Tone: the writer’s attitude toward the subject in a literary work. Tone is conveyed through the choice of words to describe setting, portraying characters, and presenting events (e.g. formal, serious, humorous, angry, gloomy, ironic, imploring, matter-of-fact tone)

 

Notes about Characters in Fiction

 

Writers use Actions, Thoughts,

And Dialogue to Develop Their Characters

 

These are a few words that readers use to talk about characters in literature:

 

  • Protagonist: the main character; usually the hero

 

  • Antagonist: creates obstacles that the protagonist must overcome. As with protagonists, there may be more than one antagonist in a story.  The antagonist is a force that works against the main character resolving a major conflict.

 

  • Flat:  a character who only displays one or two traits, not well-developed

 

  • Round: a character with multiple traits, much more interesting, you feel like you

 

  • Static: a character who does not change from the beginning to the end of a story

 

  • Dynamic: a character who evolves throughout the story

 


Strategies Readers Use to Unlock Meaning

 

How do you know if you're "getting" it?

 

Create sensory images

Good readers create a wide range of visual, auditory, and other sensory images as they read, and they become emotionally involved with what they read.
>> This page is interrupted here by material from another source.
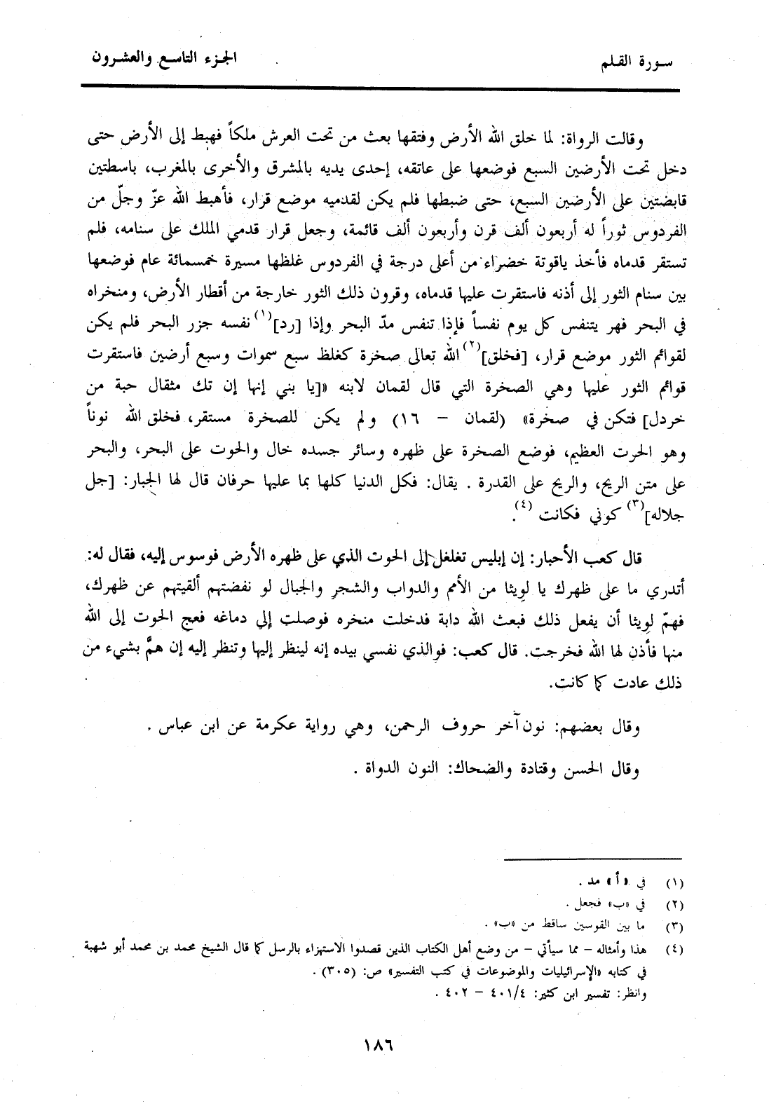 وَقَالَتِ الرُّوَاةُ: لَمَّا خَلَقَ اللَّهُ الْأَرْضَ وَفَتْقَهَا بَعَثَ مِنْ تَحْتِ الْعَرْشِ مَلَكًا فَهَبَطَ إِلَى الْأَرْضِ حَتَّى دَخَلَ تَحْتَ الْأَرْضِينَ السَّبْعَ فَوَضَعَهَا عَلَى عَاتِقِهِ، إِحْدَى يَدَيْهِ بِالْمُشْرِقِ وَالْأُخْرَى بِالْمَغْرِبِ، بَاسِطَتَيْنِ قَابِضَتَيْنِ عَلَى الْأَرْضِينَ السَّبْعَ، حَتَّى ضَبَطَهَا فَلَمْ يَكُنْ لِقَدَمَيْهِ مَوْضِعُ قَرَارٍ، فَأَهْبَطَ اللَّهُ عَزَّ وَجَلَّ مِنَ الْفِرْدَوْسِ ثَوْرًا لَهُ أَرْبَعُونَ أَلْفَ قَرْنٍ وَأَرْبَعُونَ أَلْفَ قَائِمَةٍ، وَجُعِلَ قَرَارُ قَدَمَيِ الْمَلِكِ عَلَى سَنَامِهِ، فَلَمْ تَسْتَقِرَّ قَدَمَاهُ فَأَخَذَ اللَّهُ يَاقُوتَةً خَضْرَاءَ مِنْ أَعْلَى دَرَجَةٍ فِي الْفِرْدَوْسِ غِلَظُهَا مَسِيرَةُ خَمْسمِائَةِ عَامٍ فَوَضَعَهَا بَيْنَ سَنَامِ الثَّوْرِ إِلَى أُذُنِهِ فَاسْتَقَرَّتْ عَلَيْهَا قَدَمَاهُ، وَقُرُونُ ذَلِكَ الثَّوْرِ خَارِجَةُ مِنْ أَقْطَارِ الْأَرْضِ، وَمَنْخِرَاهُ فِي الْبَحْرِ فَهُوَ يَتَنَفَّسُ كُلَّ يَوْمٍ نَفَسًا فَإِذَا تَنَفَّسَ مَدَّ الْبَحْرُ وَإِذَا [رَدَّ] (1) نَفَسَهُ جَزَرَ الْبَحْرُ فَلَمْ يَكُنْ لِقَوَائِمِ الثَّوْرِ مَوْضِعَ قَرَارٍ [فَخَلَقَ] (2) اللَّهُ تَعَالَى صَخْرَةً كَغِلَظِ سَبْعِ سَمَاوَاتٍ وَسَبْعِ أَرْضِينَ فَاسْتَقَرَّتْ قَوَائِمُ الثَّوْرِ عَلَيْهَا وَهِيَ الصَّخْرَةُ الَّتِي قَالَ لُقْمَانُ لِابْنِهِ " [يَا بُنَيَّ إِنَّهَا إِنْ تَكُ مِثْقَالَ حَبَّةٍ مِنْ خَرْدَلٍ] فَتَكُنْ فِي صَخْرَةٍ" وَلَمْ يَكُنْ لِلصَّخْرَةِ مُسْتَقَرٌّ، فَخَلَقَ اللَّهُ نُونًا وَهُوَ الْحُوتُ الْعَظِيمُ، فَوَضْعَ الصَّخْرَةَ عَلَى ظَهْرِهِ وَسَائِرُ جَسَدِهِ خَالٍ وَالْحُوتُ عَلَى الْبَحْرِ، وَالْبَحْرُ عَلَى مَتْنِ الرِّيحِ، وَالرِّيحُ عَلَى الْقُدْرَةِ. يُقَالُ: فَكُلُّ الدُّنْيَا كُلُّهَا بِمَا عَلَيْهَا حَرْفَانِ قَالَ لَهَا الْجَبَّارُ: [جَلَّ جَلَالُهُ] (3) كَوْنِي فَكَانَتْ (4) .

Make a movie in your mind.

 

 Use background Knowledge:

Figure out what you know before you start to read. Good readers use their relevant prior knowledge before, during, and after reading to enhance their understanding of what they’re reading. Activate your schema!

 

Ask questions

Good readers generate questions before, during, and after reading to clarify meaning, make predictions, and focus their attention on what is important. What are you wondering about as your read?

 

Make inferences

Good readers use their prior knowledge and information from what they read to make predictions, seek answers to questions, draw conclusions, and create interpretations that deepen their understanding of the text.  The author and you are working together to make meaning.

 

Determine what is important in text:

You do not have to remember everything. Good readers identify key ideas or themes as they read, and they can distinguish between important and unimportant information. 

 

Synthesize information:

Good readers track their inferential thinking as it evolves during reading to get the overall meaning.

 

Use “fix-up” strategies

Don't just plow through. Good readers are aware of when they understand and when they don’t.  If they have trouble understanding specific words, phrases or longer passages, they use a wide range of problem-solving strategies including skipping ahead, rereading, asking questions, summarizing, visualizing, predicting, building background knowledge, and using a dictionary.